» **Your assignment**
Please copy the lines below, exactly as they are, from the one with "Socket PDFWCH070 |" through the one with "На упаковке макарон", and leave out the pictures.

── Data ──

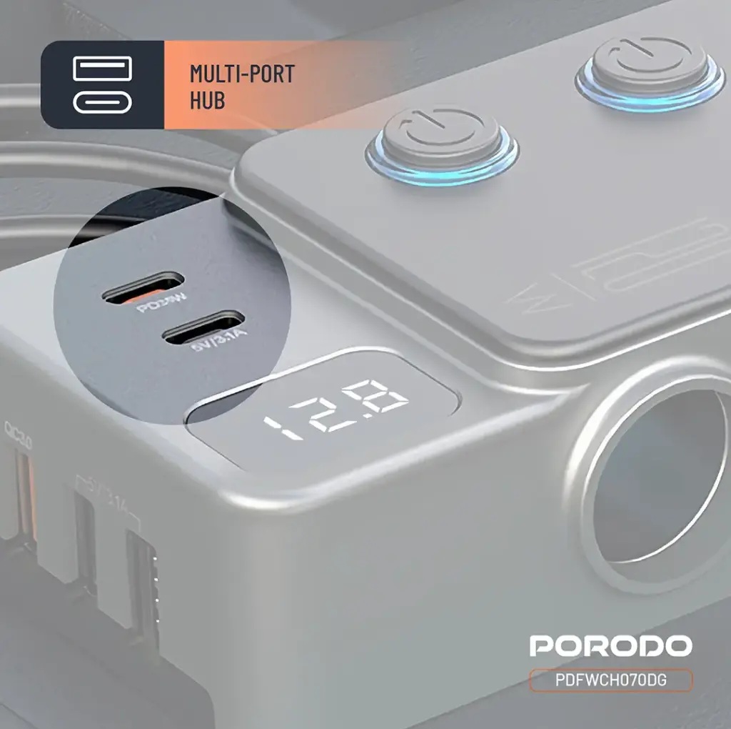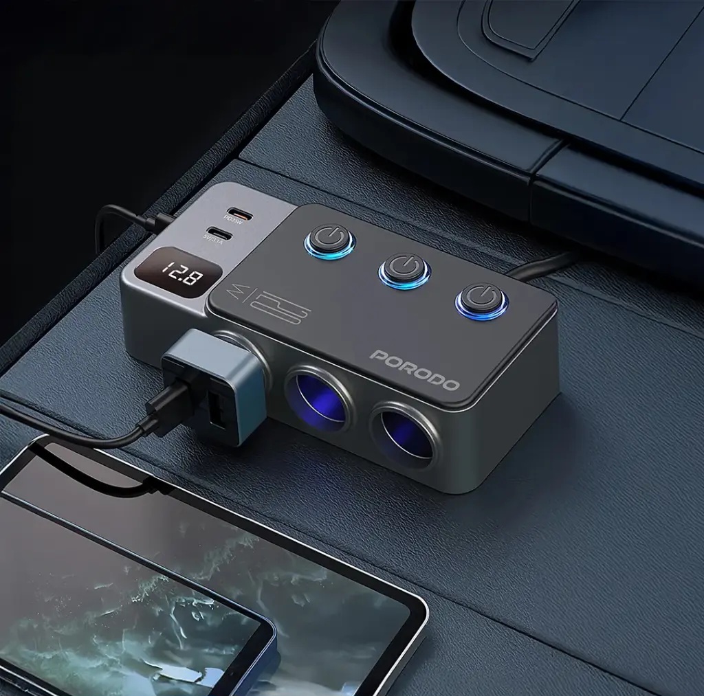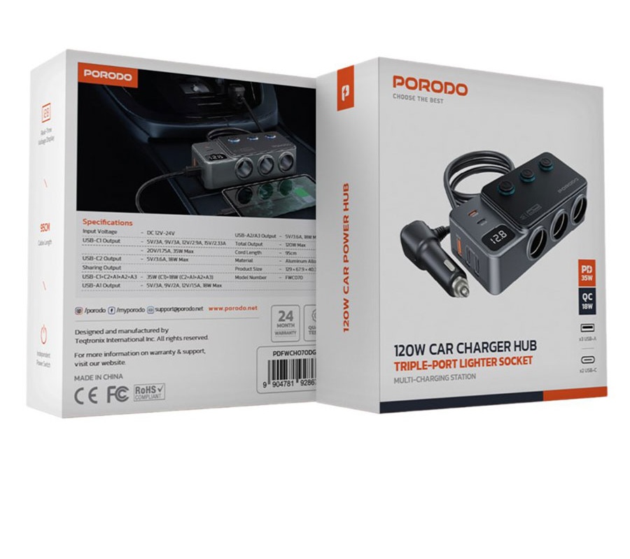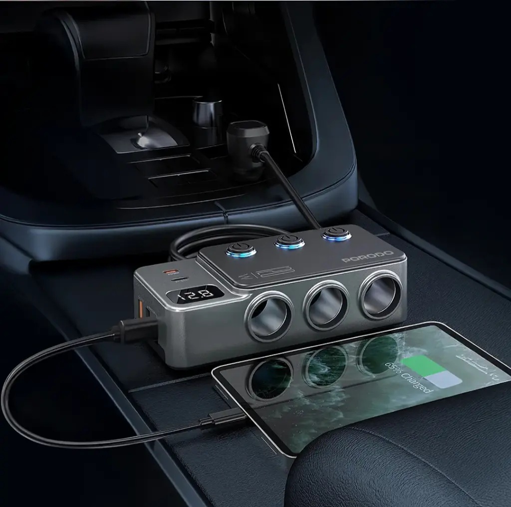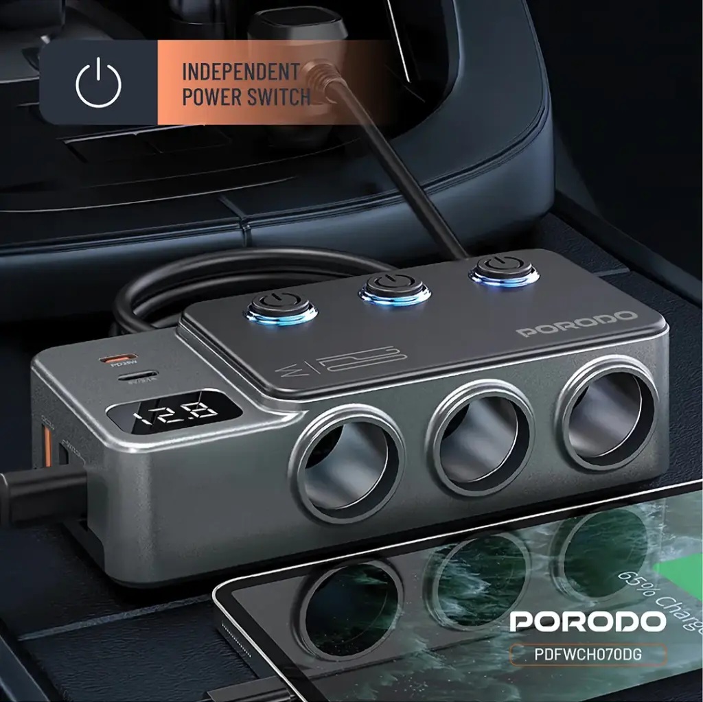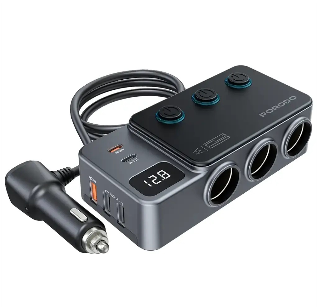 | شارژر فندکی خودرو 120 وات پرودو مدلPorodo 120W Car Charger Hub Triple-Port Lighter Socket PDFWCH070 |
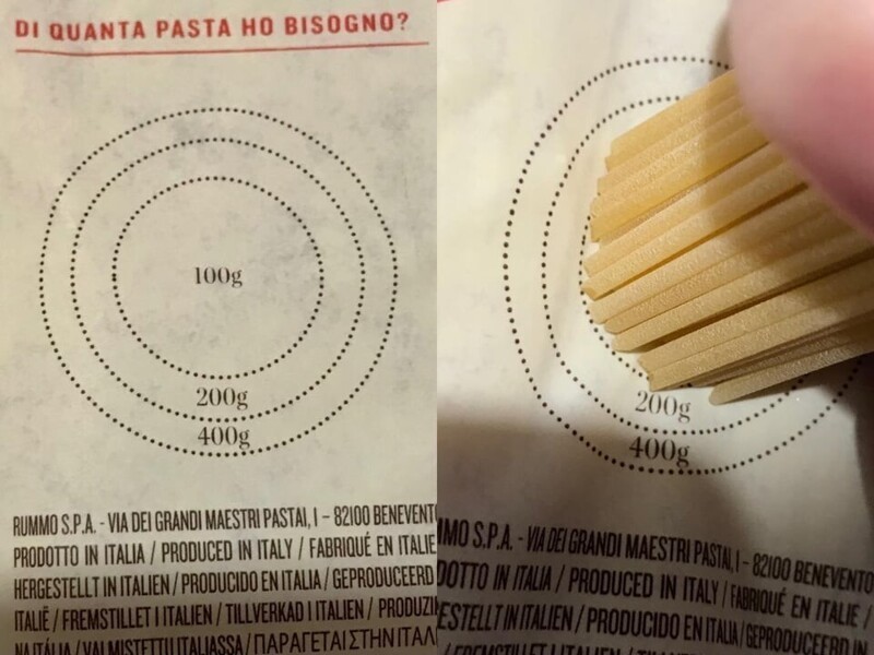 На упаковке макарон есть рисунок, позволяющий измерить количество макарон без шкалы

───
── Data ──

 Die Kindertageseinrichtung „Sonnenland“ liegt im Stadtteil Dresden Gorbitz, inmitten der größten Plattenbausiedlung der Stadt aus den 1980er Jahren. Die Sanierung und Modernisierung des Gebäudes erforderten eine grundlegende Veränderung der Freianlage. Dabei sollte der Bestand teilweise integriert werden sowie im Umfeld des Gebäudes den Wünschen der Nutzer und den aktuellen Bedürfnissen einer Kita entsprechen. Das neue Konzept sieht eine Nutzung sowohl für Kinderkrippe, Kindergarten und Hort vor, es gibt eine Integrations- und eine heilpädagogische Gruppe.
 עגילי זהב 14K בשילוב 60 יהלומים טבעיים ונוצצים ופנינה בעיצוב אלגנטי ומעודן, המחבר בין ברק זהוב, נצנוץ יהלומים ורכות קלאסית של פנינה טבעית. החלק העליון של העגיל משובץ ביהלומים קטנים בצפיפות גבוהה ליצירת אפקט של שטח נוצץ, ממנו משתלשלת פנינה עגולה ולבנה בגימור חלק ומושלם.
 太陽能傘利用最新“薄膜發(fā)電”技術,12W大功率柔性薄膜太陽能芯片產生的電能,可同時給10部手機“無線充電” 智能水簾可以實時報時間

───

» **Response to this exercise**
 | شارژر فندکی خودرو 120 وات پرودو مدلPorodo 120W Car Charger Hub Triple-Port Lighter Socket PDFWCH070 |
 На упаковке макарон есть рисунок, позволяющий измерить количество макарон без шкалы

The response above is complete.